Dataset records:
Start of Block

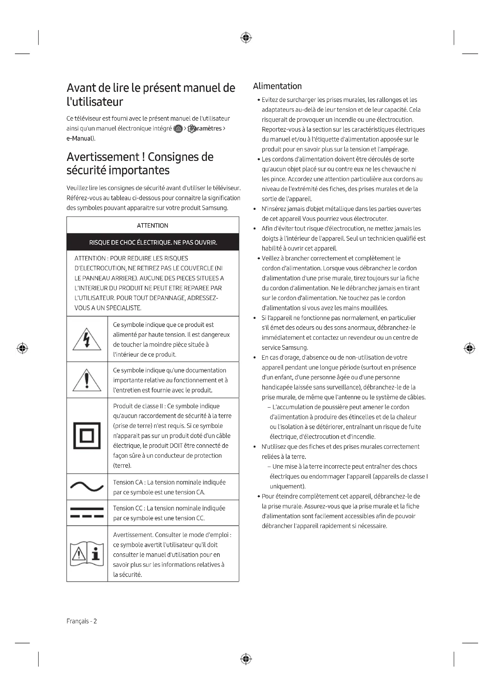 - Aus Sicherheitsgründen dürfen Sie nicht versuchen, den Akku zu entnehmen. Wird der Akku nicht ordnungsgemäß entfernt, kann dies zu Schäden an Akku und Gerät, zu Verletzungen und/oder zu einer Beeinträchtigung der Sicherheit des Geräts führen. Deutsch - 8Diese Seite wurde absichtlich leer belassen.Avant de lire le présent manuel de l'utilisateur Ce téléviseur est fourni avec le présent manuel de l'utilisateur ainsi qu'un manuel électronique intégré ( > Paramètres > e-Manual). Avertissement! Consignes de sécurité importantes Veuillez lire les consignes de sécurité avant d'utiliser le téléviseur. Référez-vous au tableau ci-dessous pour connaitre la signification des symboles pouvant apparaitre sur votre produit Samsung. ATTENTION RISQUE DE CHOC ÉLECTRIQUE. NE PAS OUVRIR.
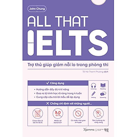 All That IELTS -Trợ Thủ Giúp Giảm Nỗi Lo Trong Phòng Thi đưa ra những phân tích tổng quan về bài thi và các dạng câu hỏi thường gặp, giới thiệu các chiến lược làm bài thực tiễn, các cấu trúc và từ vựng thường gặp. Với các câu trả lời mẫu và mẹo hữu ích khi làm bài, cuốn sách giúp người học cảm thấy tự tin hơn khi bước vào phòng thi. Những bí kíp này không chỉ giúp giảm căng thẳng mà còn là "cứu cánh" cho người học khi gặp khó hoặc bị áp lực thời gian trong quá trình làm bài.
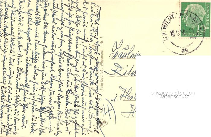 43250795 alte Postkarte Wiesmoor Gaestehaus Torfkrug Festsaal postalisch gelaufen Erhaltung siehe scans [FriedD77] KatCode: 11110003452025
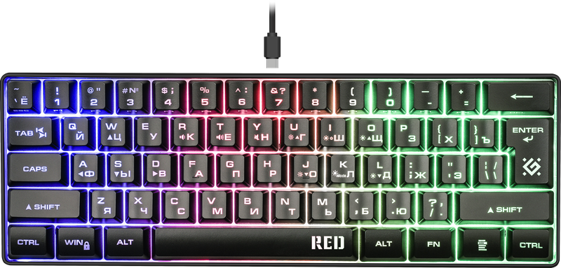 Defender Проводная игровая клавиатура Red GK-116 RU,радужная подсветка,61кнопка
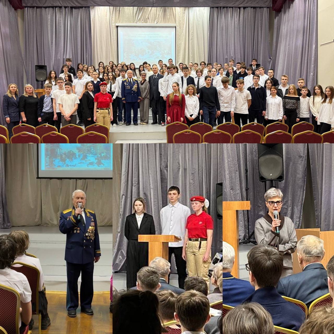 Вчера учеников 8А класса провели «Урок мужества» в актовом зале нашего школьного здания на Осеннем бульваре д.10, корп.3. Событие было посвящено 82-й годовщине Победы под Сталинградом.
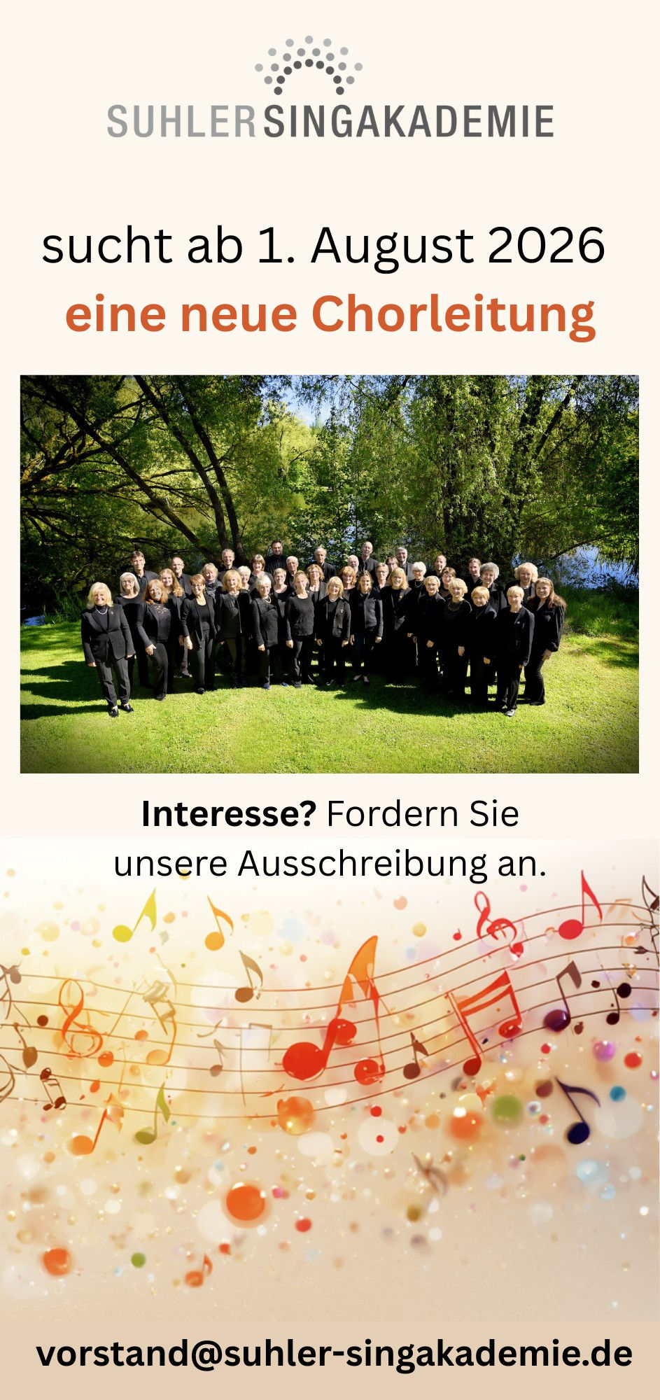 Bewerbungen erbitten wir bis zum 30. April 2026 an unsere Vorstandsvorsitzende Verena Meyer unter vorstand@suhler-singakademie.de. Rückfragen beantworten wir gerne.
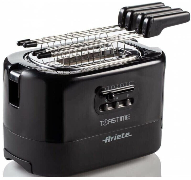 توستر آریته مدل 159 با دو شیار نان، انبر مخصوص، بدنه استیل و توان ۷۰۰ وات، برای گرم کردن، یخزدایی و برشتهکردن نان طراحی شده است.
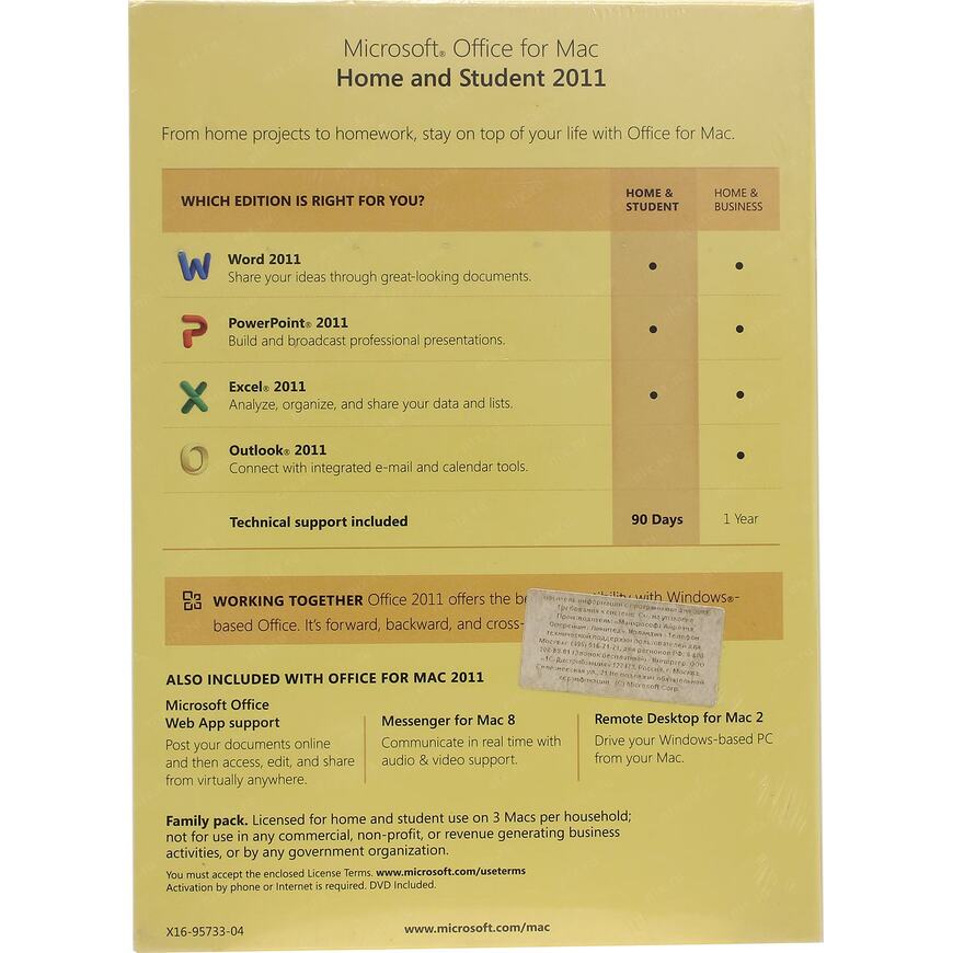| Комплект поставки | Word 2011, PowerPoint 2011, Excel 2011 |
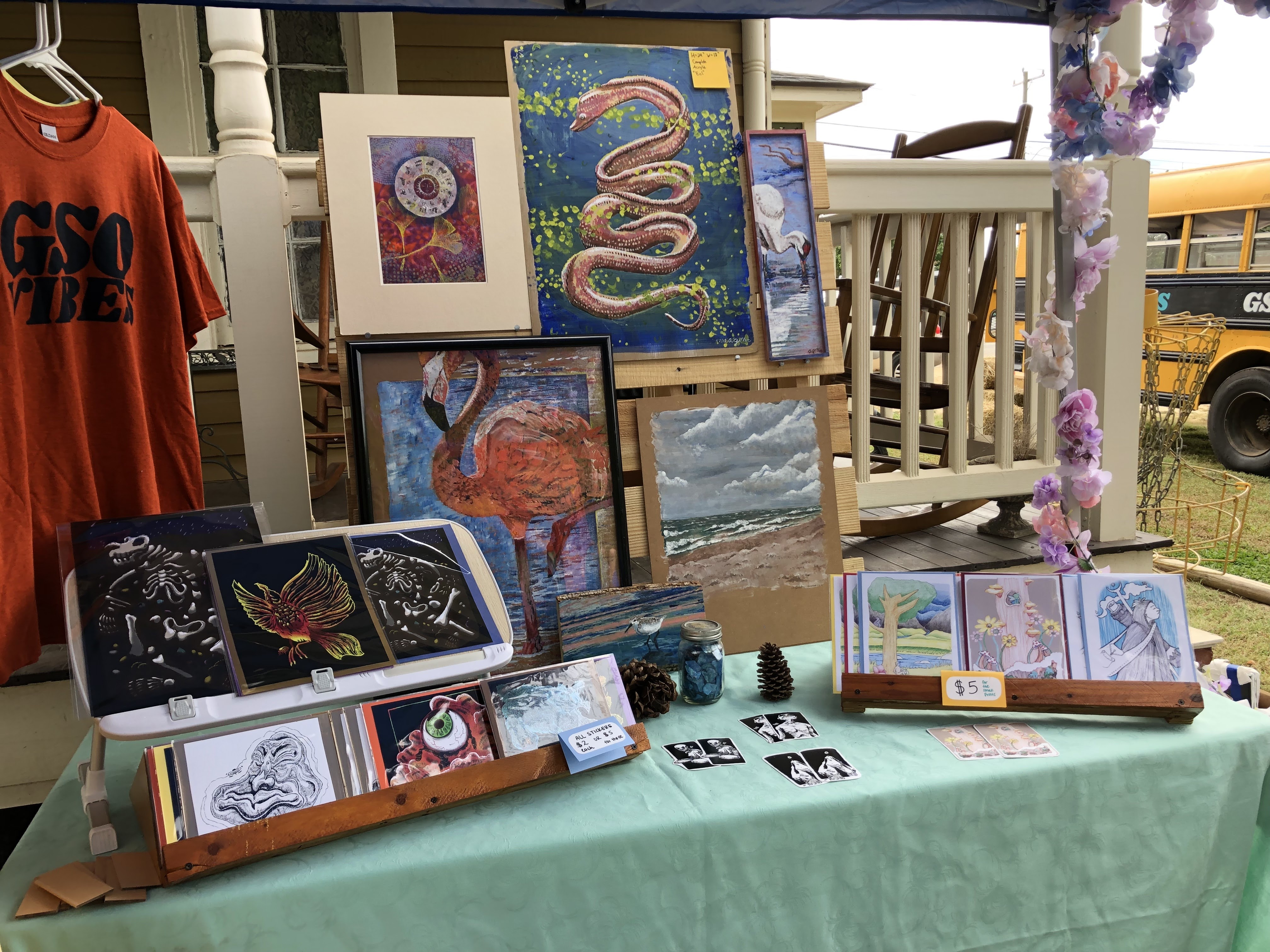 And I couldn’t have done it without my friends and family. My mom, who has been and will always be my greatest investor; my dad, whose pride in my artistic abilities is my most powerful motivator; my partner, who not only built the structures for display, purchased all the decor for Bailey, cooked all the. meals while Photoshop held me by the throat, but also continuously reminded me that I deserved it all; my friends, who were not only present but remained for the greater part of the event and regularly reminded me to sit and enjoy myself rather than work the entire time; so many others including my stepparents, Pete’s parents, roommates, and the Oden crew; and a special thanks to Bob Powell who, upon hearing me finally agree to be a vendor after a month’s consideration said, “Good, ’cause you’re already on the list.”
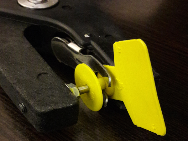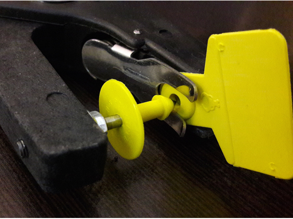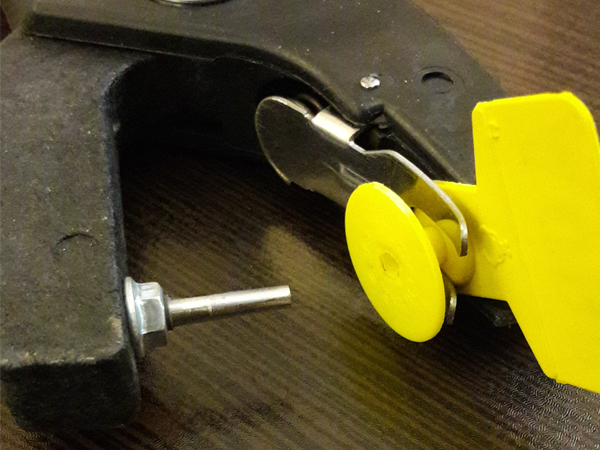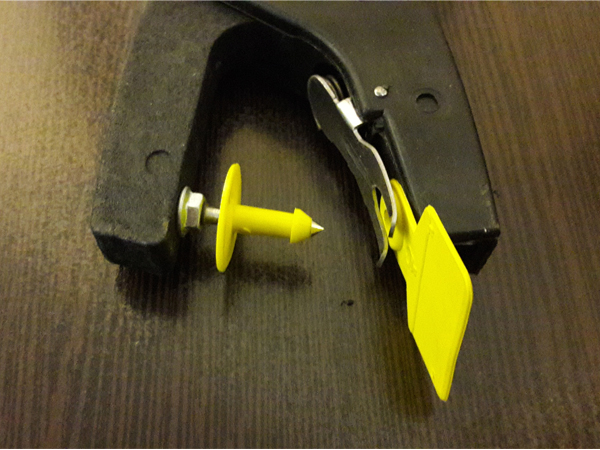 سپس پلاک گوش را بر روی قسمت دیگر پنس جایگذاری کنید و با استفاده از فنر تعبیه شده روی پنس، پلاک را مهار کنید. در این حالت در صورت تکان خوردن پنس، پلاک و میخ نمی بایست از پنس جدا شوند. اکنون با چند بار باز و بسته کردن پنس مطمئن شوید که میخ به درستی در مادگی فرو می رود.
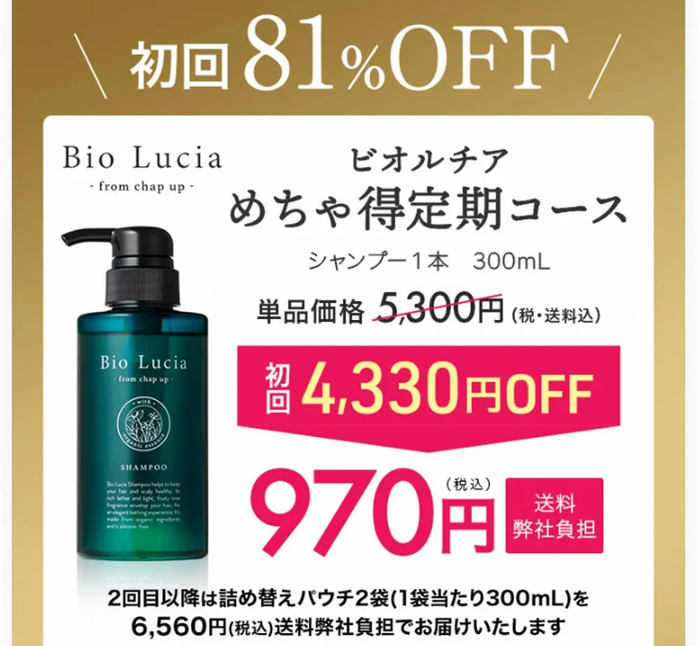 ビオルチアシャンプーのめちゃ得定期コースは、こんなに魅力的。
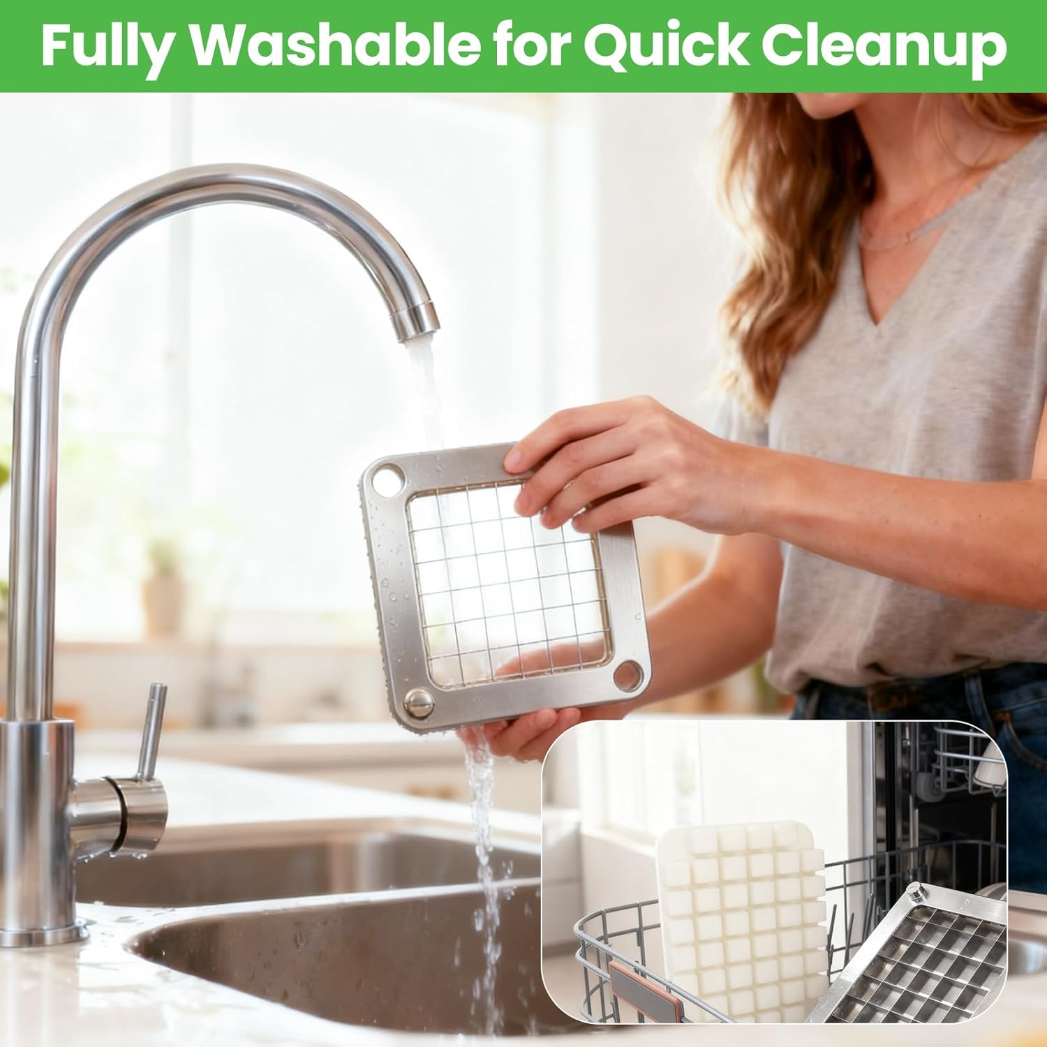 - Quick Install & Easy Cleaning โ Installs in minutesโjust attach, tighten, and insert. Washable with water or a simple kitchen brush for fast cleanup.

End of Block

Word for word, restate each line above, minus its pictures.

 - Aus Sicherheitsgründen dürfen Sie nicht versuchen, den Akku zu entnehmen. Wird der Akku nicht ordnungsgemäß entfernt, kann dies zu Schäden an Akku und Gerät, zu Verletzungen und/oder zu einer Beeinträchtigung der Sicherheit des Geräts führen. Deutsch - 8Diese Seite wurde absichtlich leer belassen.Avant de lire le présent manuel de l'utilisateur Ce téléviseur est fourni avec le présent manuel de l'utilisateur ainsi qu'un manuel électronique intégré ( > Paramètres > e-Manual). Avertissement! Consignes de sécurité importantes Veuillez lire les consignes de sécurité avant d'utiliser le téléviseur. Référez-vous au tableau ci-dessous pour connaitre la signification des symboles pouvant apparaitre sur votre produit Samsung. ATTENTION RISQUE DE CHOC ÉLECTRIQUE. NE PAS OUVRIR.
 All That IELTS -Trợ Thủ Giúp Giảm Nỗi Lo Trong Phòng Thi đưa ra những phân tích tổng quan về bài thi và các dạng câu hỏi thường gặp, giới thiệu các chiến lược làm bài thực tiễn, các cấu trúc và từ vựng thường gặp. Với các câu trả lời mẫu và mẹo hữu ích khi làm bài, cuốn sách giúp người học cảm thấy tự tin hơn khi bước vào phòng thi. Những bí kíp này không chỉ giúp giảm căng thẳng mà còn là "cứu cánh" cho người học khi gặp khó hoặc bị áp lực thời gian trong quá trình làm bài.
 43250795 alte Postkarte Wiesmoor Gaestehaus Torfkrug Festsaal postalisch gelaufen Erhaltung siehe scans [FriedD77] KatCode: 11110003452025
 Defender Проводная игровая клавиатура Red GK-116 RU,радужная подсветка,61кнопка
 Вчера учеников 8А класса провели «Урок мужества» в актовом зале нашего школьного здания на Осеннем бульваре д.10, корп.3. Событие было посвящено 82-й годовщине Победы под Сталинградом.
 Bewerbungen erbitten wir bis zum 30. April 2026 an unsere Vorstandsvorsitzende Verena Meyer unter vorstand@suhler-singakademie.de. Rückfragen beantworten wir gerne.
 توستر آریته مدل 159 با دو شیار نان، انبر مخصوص، بدنه استیل و توان ۷۰۰ وات، برای گرم کردن، یخزدایی و برشتهکردن نان طراحی شده است.
| Комплект поставки | Word 2011, PowerPoint 2011, Excel 2011 |
 And I couldn’t have done it without my friends and family. My mom, who has been and will always be my greatest investor; my dad, whose pride in my artistic abilities is my most powerful motivator; my partner, who not only built the structures for display, purchased all the decor for Bailey, cooked all the. meals while Photoshop held me by the throat, but also continuously reminded me that I deserved it all; my friends, who were not only present but remained for the greater part of the event and regularly reminded me to sit and enjoy myself rather than work the entire time; so many others including my stepparents, Pete’s parents, roommates, and the Oden crew; and a special thanks to Bob Powell who, upon hearing me finally agree to be a vendor after a month’s consideration said, “Good, ’cause you’re already on the list.”
 سپس پلاک گوش را بر روی قسمت دیگر پنس جایگذاری کنید و با استفاده از فنر تعبیه شده روی پنس، پلاک را مهار کنید. در این حالت در صورت تکان خوردن پنس، پلاک و میخ نمی بایست از پنس جدا شوند. اکنون با چند بار باز و بسته کردن پنس مطمئن شوید که میخ به درستی در مادگی فرو می رود.
 ビオルチアシャンプーのめちゃ得定期コースは、こんなに魅力的。
 - Quick Install & Easy Cleaning โ Installs in minutesโjust attach, tighten, and insert. Washable with water or a simple kitchen brush for fast cleanup.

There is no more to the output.